So I guess there can be a number of different root causes for this, I was just not looking in the right place for clues (or understanding how all pieces fit together) :)
@Polinth I think I have the same issues but how did you configure this? Did you just change the GRAFANA_API_URL in the .env or sth else?
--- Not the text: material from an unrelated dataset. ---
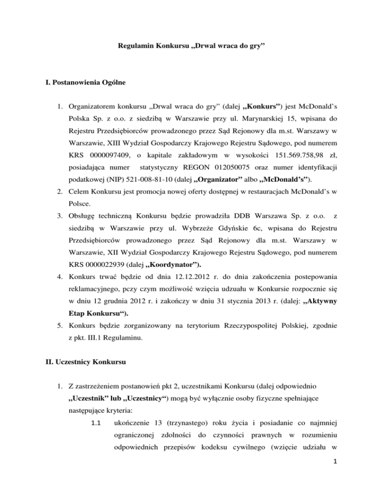 Regulamin Konkursu „Drwal wraca do gry” I. Postanowienia Ogólne 1. Organizatorem konkursu „Drwal wraca do gry” (dalej „Konkurs”) jest McDonald’s Polska Sp. z o.o. z siedzibą w Warszawie przy ul. Marynarskiej 15, wpisana do Rejestru Przedsiębiorców prowadzonego przez Sąd Rejonowy dla m.st. Warszawy w Warszawie, XIII Wydział Gospodarczy Krajowego Rejestru Sądowego, pod numerem KRS 0000097409, o kapitale zakładowym w wysokości 151.569.758,98 zł, posiadająca numer statystyczny REGON 012050075 oraz numer identyfikacji podatkowej (NIP) 521-008-81-10 (dalej „Organizator” albo „McDonald’s”). 2. Celem Konkursu jest promocja nowej oferty dostępnej w restauracjach McDonald’s w Polsce. 3. Obsługę techniczną Konkursu będzie prowadziła DDB Warszawa Sp. z o.o. z siedzibą w Warszawie przy ul. Wybrzeże Gdyńskie 6c, wpisana do Rejestru Przedsiębiorców prowadzonego przez Sąd Rejonowy dla m.st. Warszawy w Warszawie, XII Wydział Gospodarczy Krajowego Rejestru Sądowego, pod numerem KRS 0000022939 (dalej „Koordynator”). 4. Konkurs trwać będzie od dnia 12.12.2012 r. do dnia zakończenia postepowania reklamacyjnego, pczy czym możliwość wzięcia udzuału w Konkursie rozpocznie się w dniu 12 grudnia 2012 r. i zakończy w dniu 31 stycznia 2013 r. (dalej: „Aktywny Etap Konkursu“). 5. Konkurs będzie zorganizowany na terytorium Rzeczypospolitej Polskiej, zgodnie z pkt. III.1 Regulaminu. II. Uczestnicy Konkursu 1. Z zastrzeżeniem postanowień pkt 2, uczestnikami Konkursu (dalej odpowiednio „Uczestnik” lub „Uczestnicy“) mogą być wyłącznie osoby fizyczne spełniające następujące kryteria: 1.1 ukończenie 13 (trzynastego) roku życia i posiadanie co najmniej ograniczonej zdolności do czynności prawnych w rozumieniu odpowiednich przepisów kodeksu cywilnego (wzięcie udziału w 1 Konkursie przez osobę posiadającą ograniczoną zdolność do czynności prawnych wymaga zgody jej przedstawiciela ustawowego), 1.2 działanie w charakterze konsumenta w rozumieniu art. 221 kodeksu cywilnego, 1.3 miejsce zamieszkania na terytorium Rzeczpospolitej Polskiej. 2. W Konkursie nie mogą brać udziału pracownicy i członkowie rodzin pracowników Organizatora i Koordynatora. 3. Przez członków rodziny, o których mowa w pkt. 2 rozumie się: wstępnych, zstępnych, rodzeństwo, małżonków, rodziców małżonków i osoby pozostające w stosunku przysposobienia. III. Zasady Konkursu 1. Konkurs prowadzony będzie za pośrednictwem strony internetowej o adresie www.drwalwracadogry.pl, do której w czasie trwania Konkursu dostęp mieć będą zarówno Uczestnicy, jak i osoby trzecie – Internauci (dalej „Strona Konkursowa”). oraz od dnia 07 stycznia 2013 r., za pośrednictwem mobilnej aplikacji konkursowej do pobrania z Apple AppStore lub Google Play; 2. Warunkiem wzięcia udziału w Konkursie przez każdego Uczestnika jest: 2.1. rejestracja do Konkursu (dalej „Rejestracja”). Rejestracji można będzie dokonać na dwa sposoby: (i) poprzez wypełnienie formularza zgłoszenia, dostępnego na Stronie Konkursowej po kliknięciu w przycisk „Zarejestruj się”, obejmującego następujące dane: (i) nazwę (nick) Uczestnika; 2 (ii) adres poczty elektronicznej (e-mail) służącej do kontaktu z Organizatorem i Koordynatorem; (iii) hasło Uczestnika; oraz (ii) za pośrednictwem portalu Facebook - w przypadku Uczestników posiadających profil na portalu Facebook istnieje możliwość pobrania z portalu danych niezbędnych do Rejestracji, poprzez kliknięcie w umieszczony w formularzu rejestracyjnym przycisk „Pobierz dane z Facebook”. Zakres pobranych danych będzie obejmował: imię i nazwisko, ID Facebook Użytkownika, adres e-mail. (iii) Rejestracja wymaga ponadto odznaczenia odpowiedniego pola formularza rejestracyjnego – potwierdzenie, że biorąc udział w Konkursie Uczestnik zapoznał się z niniejszym regulaminem „Regulamin”) (dalej udostępnionym na Stronie Konkursowej, akceptując wszystkie jego postanowienia oraz potwierdza, że spełnia wszystkie warunki, o których mowa w pkt. II, a w przypadku osób o ograniczonej zdolności do czynności prawnych - uzyskała ona zgodę swojego przedstawiciela ustawowego na wzięcie udziału w Konkursie; 2.2. wykonanie zadania konkursowego polegającego na zdobyciu jak największej ilości punktów w rankingu ogólnym (dalej „Ranking Ogólny”), wybierając jeden spośród udostępnionych zdobywania punktów lub łącząc je dowolnie sposobów (dalej: „Zadanie Konkursowe“). 3. Punkty do Rankigu Ogólnego można zdobywać w nastepujący sposób: 3.1. poprzez zagranie w grę dostępną na Stronie Konkursowej oraz za pośrednictwem mobilnej aplikacji, o której mowa w pkt. III.1 (dalej „Gra”) , akceptując poniższe założenia: 3 3.1.1. Gra polega na tym, aby w jak najkrótszym czasie zbudowacć drogę umożliwiającą animowanej postaci (Drwalowi) dotarcie do kanapki. W tym celu należy wykorzystac dostępne w Grze interaktywne elementy (dalej: „Elementy“) o określonej funkcji, z których każdy sluży do pokonywania przeszkód opisanych w zakladce „Zasady“ dostępnej na Stronie Konkursowej oraz w aplikacji mobilnej, o której mowa w pkt. III.1. 3.1.2. Gra dostępna na Stronie Konkursowej składa się z 51 poziomów a w aplikacji mobilnej z 52 poziomów. Kolejność poziomów jest z góry ustalona i zastrzeżeniem pkt. 3.1.8, Uczestnik nie ma prawa wyboru poziomu Gry, który będzie pokonywał. 3.1.3. Poziom Gry uznaje się za zaliczony, jeśli Uczestnik posługując się prawidłowymi Elementami umożliwił Drwalowi dotarcie do kanapki. Ułożenie błędnego Elemetu oznacza nie zaliczenie poziomu; 3.1.4. Punkty do Rankingu Ogólnego przyznawane są w zależności od czasu w jakim Drwal pokonał drogę do kanapki. W każdym poziomie Uczestnik może zdobyć maksymalnie 10 000 punktów, jednak wraz z upływającym czasem liczba punktów możliwych do zdobycia zmniejsza się, tj. p

For the first case it sadly still doesn't work even though when I do a nslookup in the containers the name does indeed resolve. My filtered logs:
celery_1 | 2024-02-01 19:12:31,372 source=engine:celery worker=ForkPoolWorker-2 task_id=cb61aaf3-6039-427e-a563-a86e7fbf4fb9 task_name=apps.grafana_plugin.tasks.sync.plugin_sync_organization_async name=apps.grafana_plugin.helpers.client level=WARNING Error connecting to api instance HTTPConnectionPool(host='grafana', port=3000): Max retries exceeded with url: /api/access-control/users/permissions/search?actionPrefix=grafana-oncall-app (Caused by NewConnectionError('<urllib3.connection.HTTPConnection object at 0x7fc0b09a25d0>: Failed to establish a new connection: [Errno -2] Name does not resolve')) celery_1 | 2024-02-01 19:12:31,374 source=engine:celery worker=ForkPoolWorker-2 task_id=cb61aaf3-6039-427e-a563-a86e7fbf4fb9 task_name=apps.grafana_plugin.tasks.sync.plugin_sync_organization_async name=apps.grafana_plugin.helpers.client level=WARNING Error connecting to api instance HTTPConnectionPool(host='grafana', port=3000): Max retries exceeded with url: /api/org (Caused by NewConnectionError('<urllib3.connection.HTTPConnection object at 0x7fc0b09ba210>: Failed to establish a new connection: [Errno -2] Name does not resolve')) engine_1 | 2024-02-01 19:12:31 source=engine:app google_trace_id=none logger=apps.grafana_plugin.helpers.client Error connecting to api instance HTTPConnectionPool(host='grafana', port=3000): Max retries exceeded with url: /api/access-control/users/permissions/search?actionPrefix=grafana-oncall-app (Caused by NewConnectionError('<urllib3.connection.HTTPConnection object at 0x7fdecf0835d0>: Failed to establish a new connection: [Errno -2] Name does not resolve')) engine_1 | 2024-02-01 19:12:31 source=engine:app google_trace_id=none logger=apps.grafana_plugin.helpers.client Error connecting to api instance HTTPConnectionPool(host='grafana', port=3000): Max retries exceeded with url: /api/org (Caused by NewConnectionError('<urllib3.connection.HTTPConnection object at 0x7fdecf083ed0>: Failed to establish a new connection: [Errno -2] Name does not resolve'))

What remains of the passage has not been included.